Tuttavia, le diverse attività sportive possono influenzare in maniera profondamente diversa la crescita e la funzione sessuale. Inoltre, differenze profonde esistono in rapporto all’intensità dell’esercizio fisico praticato. In questa review, affronteremo l’influenza del nuoto sia agoni­stico che non agonistico sulla crescita, lo sviluppo sessuale e la funzione ovarica della donna.

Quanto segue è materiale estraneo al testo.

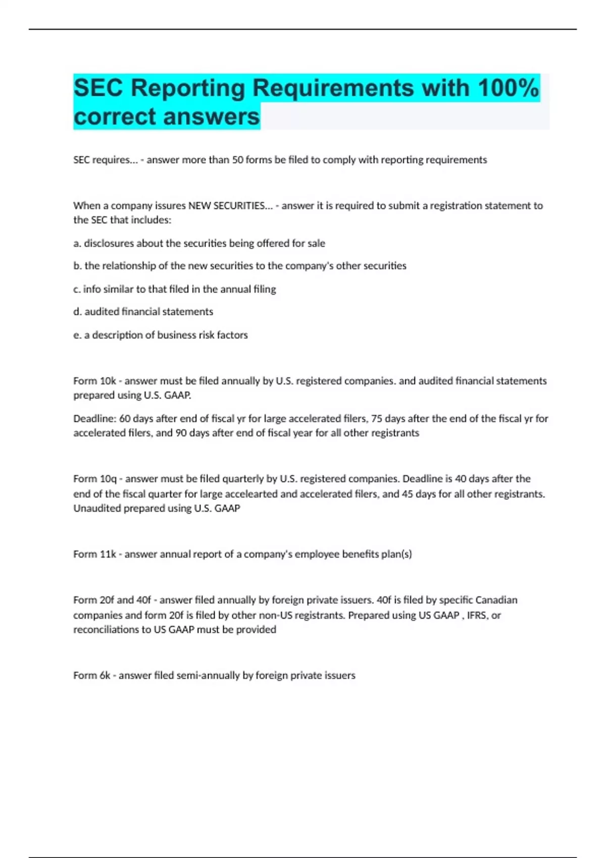 SEC requires... more than 50 forms be filed to comply with reporting requirements When a company issures NEW SECURITIES... it is required to submit a registration statement to the SEC that includes: a. disclosures about the securities being offered for sale b. the relationship of the new securities to the company's other securities c. info similar to that filed in the annual filing d. audited financial statements e. a description of business risk factors Form 10k must be filed annually by U.S. registered companies. and audited financial statements prepared using U.S. GAAP. Deadline: 60 days after end of fiscal yr for large accelerated filers, 75 days after the end of the fiscal yr for accelerated filers, and 90 days after end of fiscal year for all other registrants Form 10q must be filed quarterly by U.S. registered companies. Deadline is 40 days after the end of the fiscal quarter for large accelearted and accelerated filers, and 45 days for all other registrants. Unaudited prepared using U.S. GAAP Form 11k annual report of a company's employee benefits plan(s) Form 20f and 40f filed annually by foreign private issuers. 40f is filed by specific Canadian companies and form 20f is filed by other non-US registrants. Prepared using US GAAP , IFRS, or reconciliations to US GAAP must be provided Form 6k filed semi-annually by foreign private issuers Form 8k filed to report major corporate events such as asset acquisitions or disposals, changes in securities and trading markets, changes to accountants or financial statements, and changes in corporate goverance or management Forms 3,4,and 5 required to be filed by directors, officers, or beneficial owners of more than 10% of a class of equity securities of a registered company Regulation S-X the SEC sets forth the "form and content" of and requirements for interim and annual financial statments to be filed with the SEC Interim Financial Statements filed with the SEC.. must be reviewed by an independent public accountant and the review report must be filed with the FS. Interim Financial statements must include.. Balance Sheets as of the end of the most recent fiscal quarter and as of the end of the preceding fiscal yr. Income Statements for the most recent fiscal quarter for the period between the end of the preceding fiscal year and the end of the most recent fiscal quarter and the corresponding periods of the preceding fiscal year. Statements of Cash Flows for the period between the end of the preceding fiscal year and the end of the most recent fiscal quarter and for the corresponding period for the preceding fiscal year. US-quarterly Foreign -Semiannually Interim financial statements may be condensed financial statements Annual financial statements filed with the SEC must be audited by an independent public accountant Audited Financial statements must include .. balance sheets for the two most recent fiscals years and statements of income, changes in owners equity, and cash flows for each of the three fiscal years preceding the date of the most recent audited balance sheet Definition of XBRL software that uses data tags to describe financial information for business and financial reporting... tells computers how to interpret the context of the text Tag provide contextual information that allow data to be recognized and processed by software Taxonomy specific tags used for individual items of business and financial data SEC's interactive Data Rule requires U.S. public companies and foreign private issuers to present financial statements and any applicable financial statement schedules in an exhibit prepared using XBRL Tagged disclosures must include the primary financial statements, notes, and financial statement schedules

Il nuoto agonistico e la donna: influenze sulla crescita e lo sviluppo sessuale

I primi studi non dimostrarono alcuna influenza negativa del nuoto, anche praticato a livello agonistico, sulla crescita e lo sviluppo sessuale delle bambine. Infatti, Peitenburg e coll., studiando 1064 ragazze di età compresa fra 8 e 14 anni, osservarono che sia la statura che l’età del menarca erano normali nei soggetti che facevano nuoto. Inoltre, Faunoo e coll, non riscontrarono un aumento delle irregolarità mestrua­li in ragazze danesi che facevano nuoto a livello agonistico.

Tuttavia, successivamente fu osservato che, anche il nuoto, quando praticato a livello agonistico ed associato ad intenso allenamento, ritardo, sia pure lievemente ed in misura assai minore rispetto ad altri sport, l’età del menarca. Un importante studio di Costantini e Warren ha permesso di chiarire meglio le influenze del nuoto agonistico sullo sviluppo e la funzione sessuale femminile.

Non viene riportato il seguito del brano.